Norconex / importer

Norconex Importer is a Java library and command-line application meant to "parse" and "extract" content out of a file as plain text, whatever its format (HTML, PDF, Word, etc). In addition, it allows you to perform any manipulation on the extracted text before using it in your own service or application.
http://www.norconex.com/collectors/importer/
Apache License 2.0
32 stars 23 forks source link

Support for including external script files in ScriptTagger #92

Closed ronjakoi closed 5 years ago

ronjakoi commented 5 years ago

The current way of using ScriptTagger is like this:

<tagger class="com.norconex.importer.handler.tagger.impl.ScriptTagger">
    <script><![CDATA[
        ... my script ...
    ]]></script>
</tagger>

Some of my scripts are longer than a few lines, so I thought it would be nice to have them in separate files. I tried adding a #parse("myscript.js") in the CDATA block, but it doesn't seem to work. I get these errors when running HTTP Collector:

ERROR [XMLConfigurationUtil$LogErrorHandler] (XML Validation) ScriptTagger: cvc-minLength-valid: Value '' with length = '0' is not facet-valid with respect to minLength '1' for type '#AnonType_scripttagger'.
ERROR [XMLConfigurationUtil$LogErrorHandler] (XML Validation) ScriptTagger: cvc-type.3.1.3: The value '' of element 'script' is not valid.
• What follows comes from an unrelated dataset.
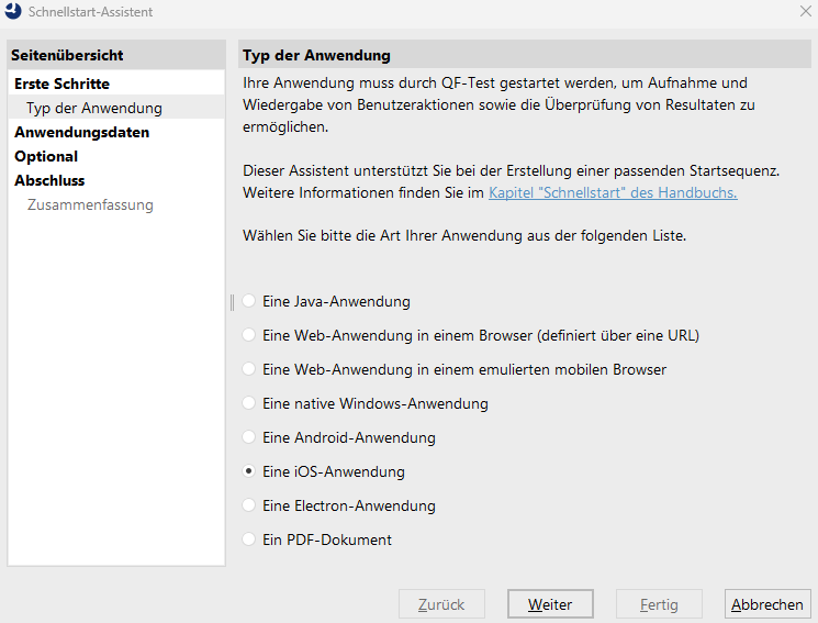 Das initiale Setup im mobilen App Testing ist mit QF-Test besonders komfortabel: Der Schnellstart-Assistent führt Sie Schritt für Schritt durch die Einrichtung aller nötigen Komponenten – für Android und iOS gleichermaßen. So gelingt der Einstieg auch ohne tiefgreifendes technisches Wissen, und die Testautomatisierung kann sofort starten.
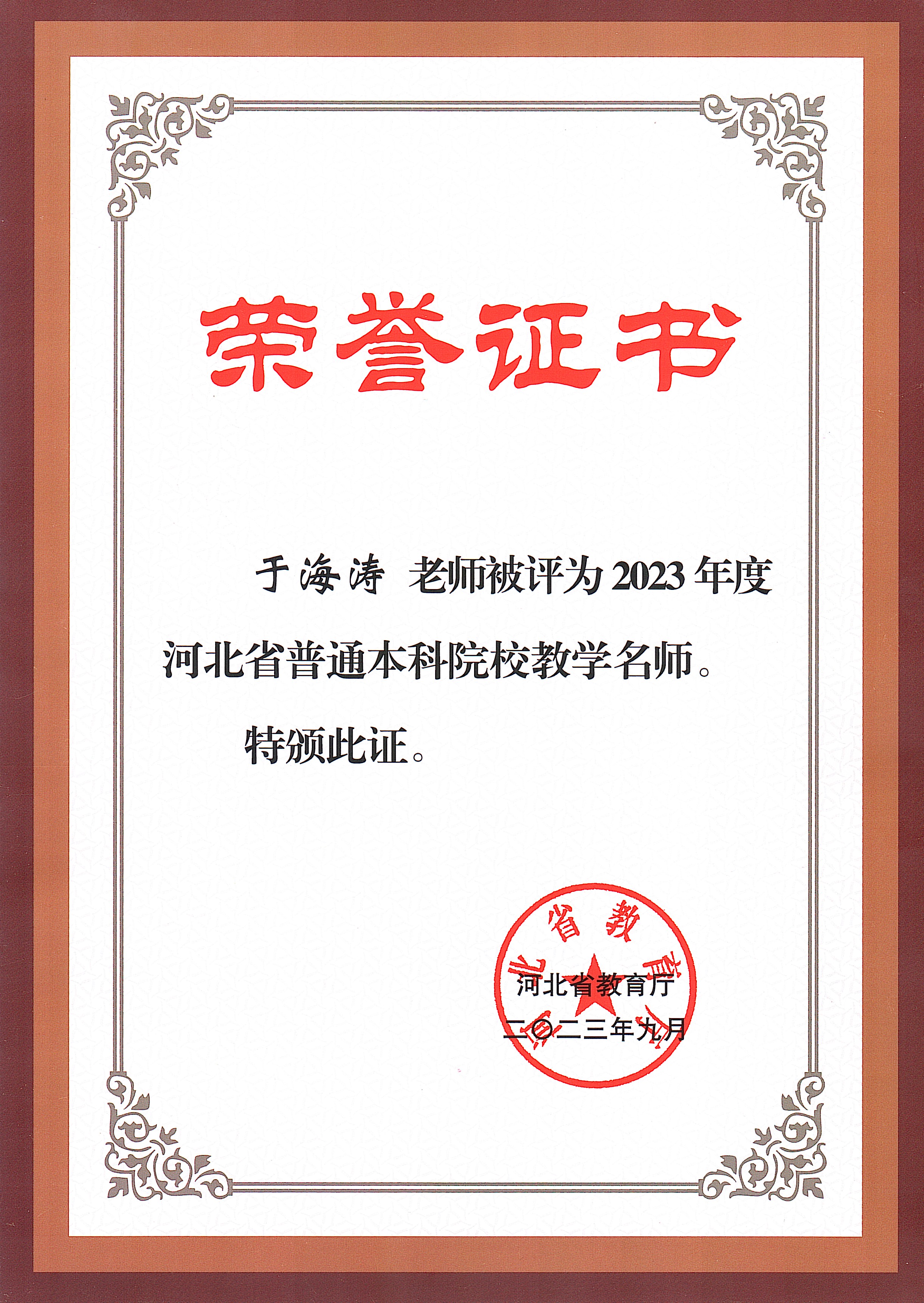 公司于海涛教授被评为2023年度河北省普通本科院校教学名师

It would be nice if ScriptTagger supported a parameter for loading the script from an external file. Something like this maybe:

<tagger class="com.norconex.importer.handler.tagger.impl.ScriptTagger">
    <script file="myscript.js" />
</tagger>

Alternative solutions also welcome :)

ronjakoi commented 5 years ago

Actually, never mind, this was user error. I had one instance where the <script> element genuinely was empty.